**EXERCISE:** When you reach the line containing "如果WordPress是世界" in the data below, begin returning lines exactly as written, and stop once the line containing "오리지널 디자인 한 부서" has been returned.

**INPUT FOR THIS TASK:**
--------------------------------

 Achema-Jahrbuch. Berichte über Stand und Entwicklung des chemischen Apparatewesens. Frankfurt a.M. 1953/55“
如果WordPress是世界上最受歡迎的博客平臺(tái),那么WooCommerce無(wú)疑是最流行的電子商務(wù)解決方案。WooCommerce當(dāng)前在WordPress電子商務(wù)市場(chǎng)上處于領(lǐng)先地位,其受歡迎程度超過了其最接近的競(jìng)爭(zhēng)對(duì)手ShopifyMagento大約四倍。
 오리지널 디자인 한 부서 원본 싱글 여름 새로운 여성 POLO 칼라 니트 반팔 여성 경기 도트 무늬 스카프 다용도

--------------------------------

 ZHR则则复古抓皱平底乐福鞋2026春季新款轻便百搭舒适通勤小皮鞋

--------------------------------

**RESPONSE TO THIS EXERCISE:**
如果WordPress是世界上最受歡迎的博客平臺(tái),那么WooCommerce無(wú)疑是最流行的電子商務(wù)解決方案。WooCommerce當(dāng)前在WordPress電子商務(wù)市場(chǎng)上處于領(lǐng)先地位,其受歡迎程度超過了其最接近的競(jìng)爭(zhēng)對(duì)手ShopifyMagento大約四倍。
 오리지널 디자인 한 부서 원본 싱글 여름 새로운 여성 POLO 칼라 니트 반팔 여성 경기 도트 무늬 스카프 다용도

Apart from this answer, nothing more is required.